Fish Audio releases Fish Agent V0.1 3B real-time voice cloning

Author：Eve Cole Update Time：2024-12-24 19:48:01

The editor of Downcodes learned that the latest speech processing model Fish Agent V0.13B released by Fish Audio Company has made waves in the field of AI speech with its efficient and accurate speech generation and processing capabilities. This model is particularly good at simulating and cloning various sounds, significantly improving the fidelity and response speed of the AI voice assistant, and bringing users a more natural and smooth voice interaction experience. Its innovative architecture enables "instant" voice cloning and text-to-speech conversion with a conversion time of only 200 milliseconds, which enables it to show great potential in real-time voice generation applications such as voice assistants and automated customer service.

Thanks to this innovative architecture, Fish Agent V0.13B is able to generate high-quality speech quickly and naturally, achieving "instant" speech cloning and text-to-speech conversion, with a text-to-audio conversion time (TTFA) of only 200 milliseconds. This feature makes it ideal for application scenarios that require real-time speech generation, such as voice assistants, automated customer service, and other scenarios that require fast voice feedback.

The Fish Agent V0.13B model supports multiple languages, including English, Chinese, German, Japanese, French, Spanish, Korean and Arabic, and was trained using approximately 700,000 hours of multilingual audio data. This means it can handle multiple languages and contexts and generate speech that is more natural and closer to what a real person would pronounce.

In addition to speech-to-speech generation and text-to-speech conversion capabilities, Fish Agent V0.13B also includes the following key features:

Zero-sample voice cloning: Voice cloning can be achieved without training.

Streamlined 3B parameters: Use 3 billion parameters to facilitate development.

Support text and audio input: flexible multiple input methods.

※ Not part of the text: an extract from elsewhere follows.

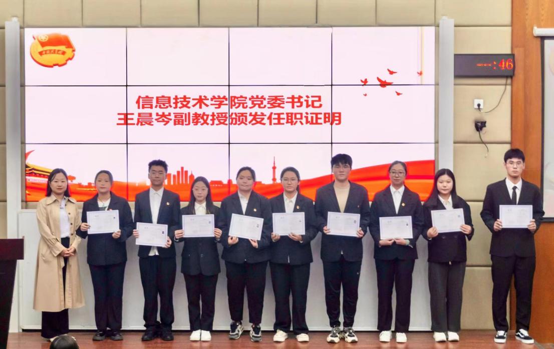 2023年10月16日,信息技术学院团委学生会在三教222召开了以“学思践悟增才干,共筑青春新篇章”为主题的第十届换届大会。出席本次大会的领导老师有院党委书记王晨岑、院分团委书记赛孟其,以及第九届和第十届院团委学生会干部。大会由学院分团委副书记陈星主持。

Currently, Fish Audio has open sourced the Fish Agent V0.13B model and provided a preliminary demo version for users to experience. The release of this model will further promote the development of AI voice technology and bring more possibilities to applications such as voice assistants and virtual humans.

GitHub: https://github.com/fishaudio/fish-speech

Fish Agent Demo: https://huggingface.co/spaces/fishaudio/fish-agent

Model download: https://huggingface.co/fishaudio/fish-agent-v0.1-3b

Technical report: https://arxiv.org/abs/2411.01156

The open source release of Fish Agent V0.13B marks a new milestone in AI voice technology, providing developers and researchers with powerful tools, and also indicates that AI voice applications will be richer and more convenient in the future. We look forward to Fish Audio bringing more innovations in the field of AI voice!